English Language vs Emotional Language
Many conflicts arise due to misunderstandings or rather different perspective on what has been said. When someone tells me about an experience and they may say, it made me feel so anxious. I often automatically reply, “I so understand.” But in truth, I may not totally understand. I’m interpreting or projecting how I’d feel given the same experience and using my definition of what anxiety would mean to me given a similar experience. But we don’t walk in the same shoes. My experience could be very different than that person. My expectation of what should come next if I told someone I was feeling anxious could be different than someone else’s expectation. For example, I may want someone to hold my hand and give me comfort. Another person may desire to be left alone when they get to feeling anxious. They don’t want anyone around so if I tried to do what would comfort me, they could get irritated and mad even.

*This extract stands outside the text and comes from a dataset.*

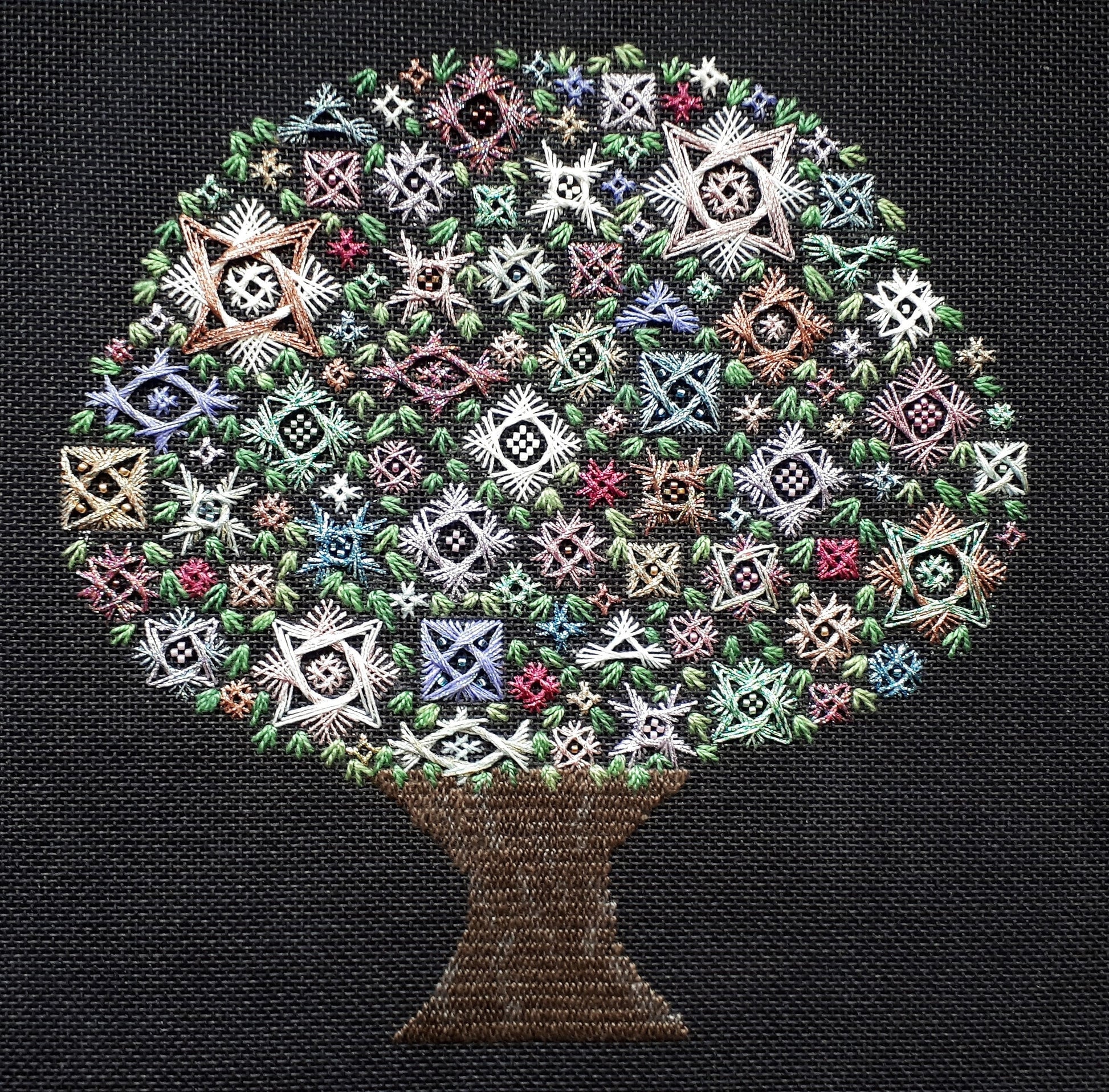 For the blossoms I used all the #8 weight metallic threads that I had in my stash and used pearl cottons for the trunk and the leaves. Whatever you do is certainly your choice. No two trees are exactly alike.

It may be the same word we use to describe an emotion, but it has a broad spectrum related to that singular term. Emotions are chemicals are body creates related to experiences we are having or had. It is like we have this master chef in our brain constantly brewing up a batch of whatever emotion(s) we are thinking about whether it is conscious or unconscious. That master chef is constantly working away. Those emotions that are chemicals can be further broken down into terms of energy. And as soon as we talk about energy, we are talking about frequencies. That is how I most often translate energy is via frequencies and emotions. But each emotion has a category. For example the emotion of anxiety is a category that contains a broad range of different frequencies of anxiety. Think of a guitar that has 6 strings. Let’s say one string is Anxiety. But you can play a lot of notes on that one string. It has a range. It doesn’t just make one sound. Depending on where you press down on the string, you can change the frequency and the tone but it is still the same string.

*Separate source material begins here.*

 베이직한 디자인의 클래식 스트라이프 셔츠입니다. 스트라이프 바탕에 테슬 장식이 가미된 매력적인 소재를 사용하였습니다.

Anxiety is one string of emotions that has a lot of different tones within it and this is true of every other emotion. It is why one emotion can get trapped in many places in our bodies. One frequency of anxiety may land in a knee and attract other similar frequencies of anxiety and they too can get trapped in the knee. But there is another tone of anxiety and it may get stuck in the neck and attract similar anxiety emotions there.
Building a more conscious understanding of how emotions work is an important first step when I work with clients. As we broaden our understanding of how emotions work, it is in the vastness and complexities of their nature, that we can begin our healing work of the mind, body and spirit.